上記の例の場合、限定額適用認定証があると、窓口での支払いが30万円ではなく87,430円になります。

限定額適用認定証

窓口負担を軽くする方法 その2

限定額適用認定証は、事前に交付申請をおこなわなければならないため、医療機関からの請求に間に合わないことがあります。このような時に、窓口負担を軽減するために利用したいのが、高額療養費貸付制度です。加入している公的医療保険から、高額療養費支給見込額の8~9割(健康保険によって異なる)を無利子で借りることができます。

公的医療保険に加入している人であればだれでも利用でき、審査などはありません。公的医療保険から医療機関に貸付金が支払われ、返済には高額療費の給付金が充てられるしくみです。
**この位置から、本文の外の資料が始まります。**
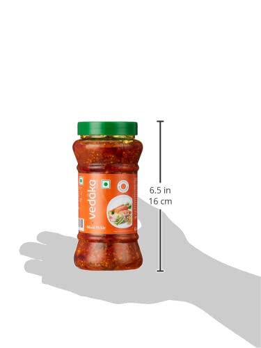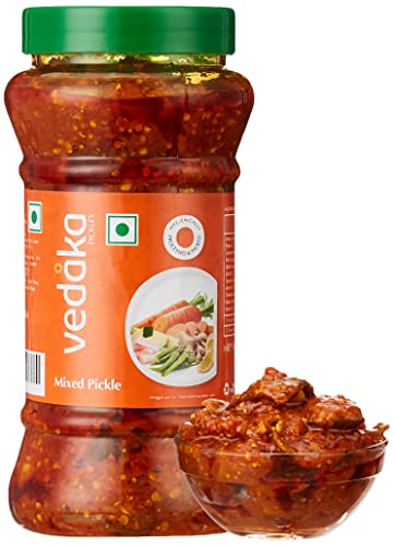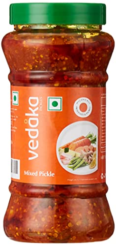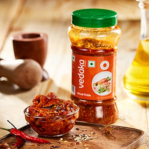 Introducing Vedaka Mixed Vegetable Pickle. Made with high quality fresh vegetables this traditional home-style pickle packs in a mouth-watering combination of spicy and tangy flavors. The ideal balance of skillfully curated spices aromatic oil and garden-fresh vegetables adds a lip-smacking punch to your daily meals. The mustard oil used to pickle the vegetables adds to the robust taste texture and aroma of the product. The Vedaka Mixed Vegetables pickle is a flavorsome condiment that enhances the taste of idli dosa samosa paratha khichdi khakra etc. and adds a tangy punch to almost every Indian dish out there. Relish the taste of crunchy carrots spicy chillis delectable tomatoes and more with this mixed vegetable pickle that tastes like home- made pickle. The product is hygienically packed in PET jars to keep the freshness and flaD4vor intact. The packaging is certified by HACCP (a GFSI recognized certification programme).

窓口での自己負担額は、高額療養費の自己負担限度額と貸付をうけられない残り1~2割の費用となります(残り1~2割分は、3か月後に高額療養費として給付されます)。

先ほどの例の場合、高額療養費貸付制度を使用して170,056円~191,313円を借りることができるため、窓口での支払いは、108,687円(87,430円+21,257円)~129,944円(87,430円+42,514円)になります。
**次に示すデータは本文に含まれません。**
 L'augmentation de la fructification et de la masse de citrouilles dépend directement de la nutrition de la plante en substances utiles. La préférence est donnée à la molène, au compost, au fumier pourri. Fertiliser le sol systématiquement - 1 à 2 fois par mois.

ただし、保険料の滞納などがあると、高額療養費貸付制度を利用できないことがあります。

高額療養費貸付制度

組合健保の独自給付でさらに負担軽減も!

大企業に勤める会社員が加入する組合健保や、公務員が加入する共済組合には、法律で定められた給付(法定給付)に加えて、独自の上乗せ給付である付加給付をおこなっているところがあります。

付加給付の一例として、一部負担還元金あります。1か月の医療費の自己負担が一定額(2万円・2万5,000円など)を超えると、その分が払い戻される制度です。入院や手術をしても、負担側はわずか数万円で済みます。

付加給付の内容は、組合健保によってさまざまです。「健保のしおり」や健保組合のサイトなどで給付内容をチェックしておきましょう。

このように、たとえ入院や手術などで多額の医療費がかかったとしても、実質的な負担はそれほど多くありません。健保組合などの付加給付が充実していれば、医療保険に加入する必要はないでしょう。「はじめに医療保険ありき」ではなく、高額療養費制度でカバーしきれない場合に医療保険の加入を検討するようにしましょう。

※本記事は2018年11月現在の情報をもとに作成しています。